Anjanaa Chattopadhyay

Rupa stood at her balcony watching the lazy Sunday afternoon and wondering what to do with the rest of the day. Summer vacations are boring. She follows the solitary kite circling high up in the sky. It is as lonely as me, she thinks.
Just then the phone rings. Seeing an unknown number, she disconnects. Immediately it rings back. She answers it angrily. ‘Hello.’
‘Hello Ru!’
‘Helloooo Indro!’ she screams excitedly into the phone. ’What happened to your other number?’
‘This is my new number.’
‘When did you come?’
‘This morning.’
‘Why didn’t you tell me?’
‘Wanted to hear you scream my name!’
‘Stop it!’ she says laughs good humouredly. ‘How’s life?’

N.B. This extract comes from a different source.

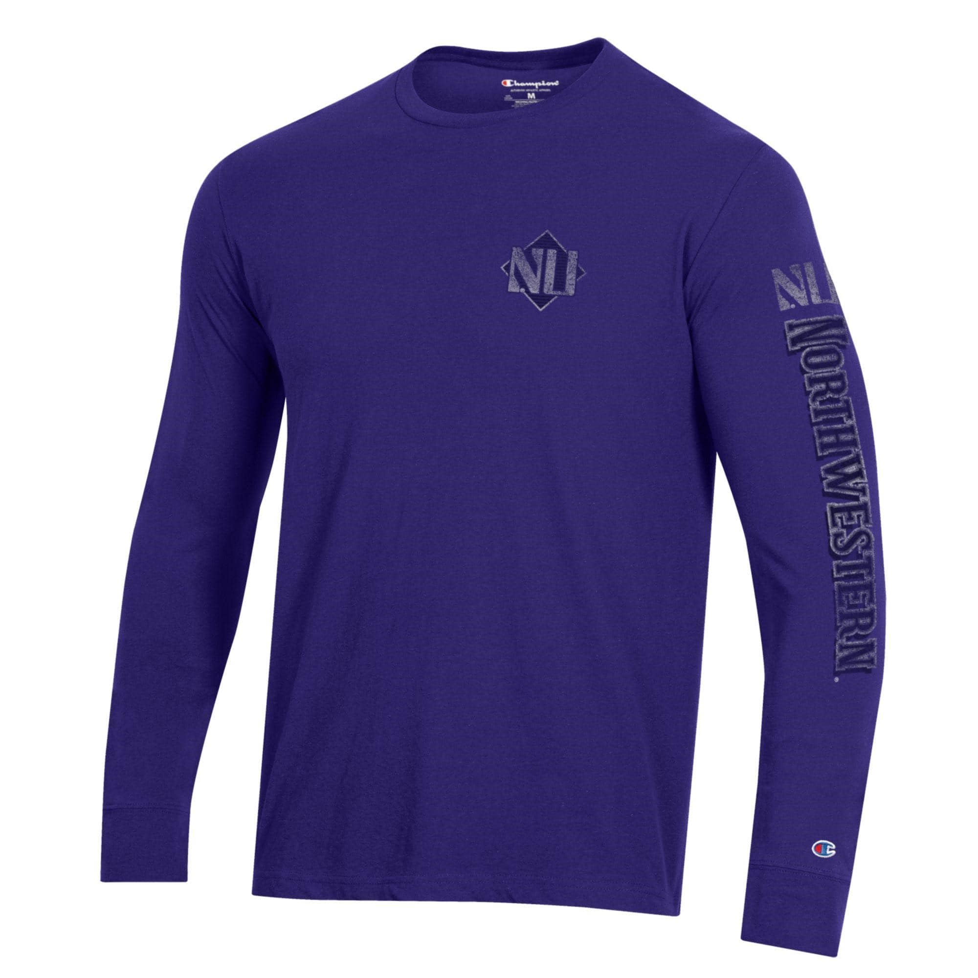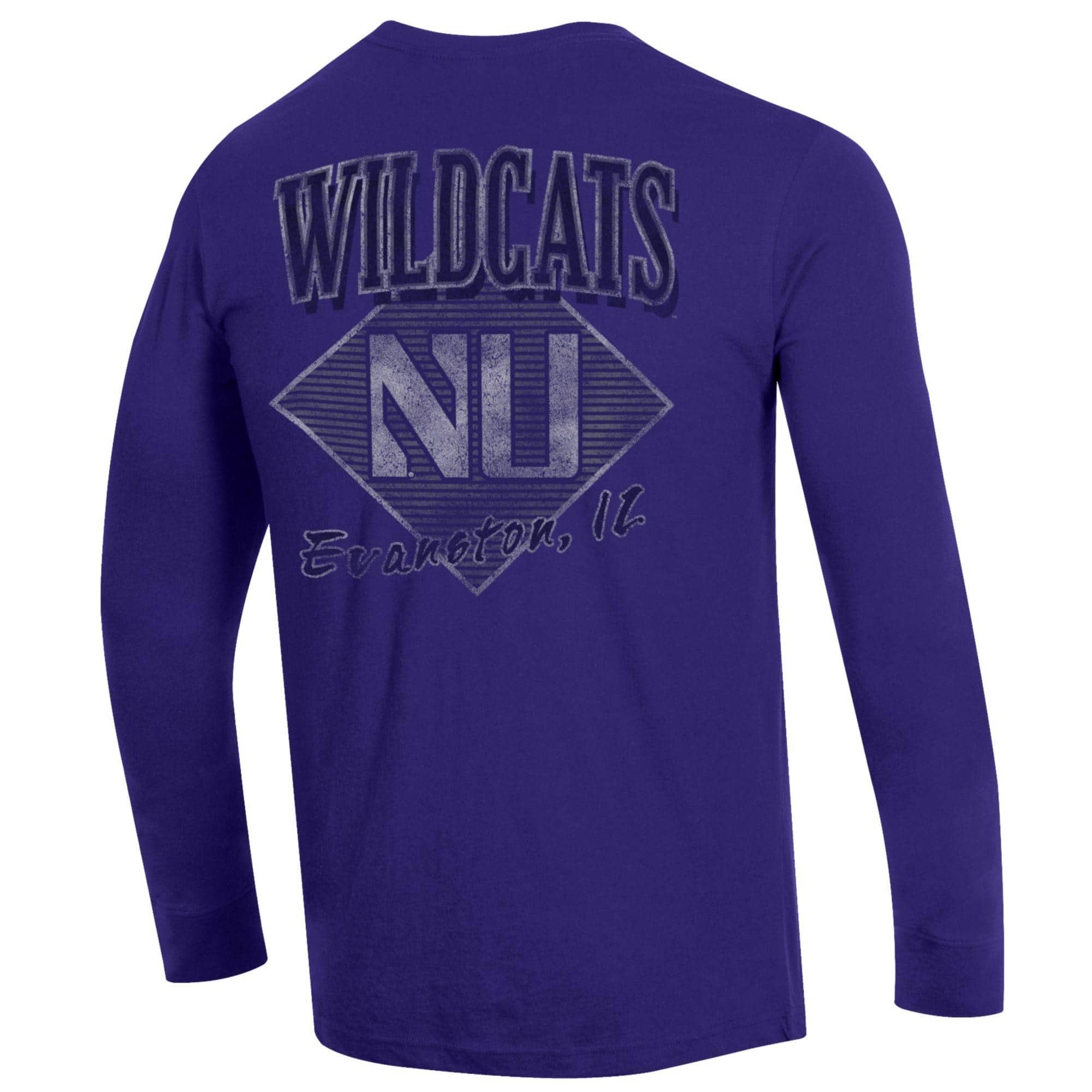 Northwestern University Wildcats Men’s Champion Purple Long Sleeve Tee Shirt with Three Location Faded Print

‘Mr. Casanova lonely?’ Rupa chuckles into the phone.
‘Movie with Casanova? Today matinee?’
‘You are a darling!’ In her mind she was already before the wardrobe picking an outfit for the day.
‘Hey listen, call up some more friends, ok? We need eighteen in all.’
‘Whatt?’ she asks puzzled.
‘Because it’s written, ‘below eighteen not allowed’!’
‘Uff, Indro!’ she giggles adoringly.
They saw ‘Bitter Moon’.
‘Oh what a butt!’
‘Disgusting! All you notice in a Roman Polanski film is her butt?’
‘No! I saw her legs too. Wow!’
‘Can’t believe it, Indro! ‘Bitter Moon’ is just about Mimi’s body to you?
Ok tell me. What is it about?
‘Love, exploitation…. life.’
‘What’s so special about their life? A sadist living with a masochist.’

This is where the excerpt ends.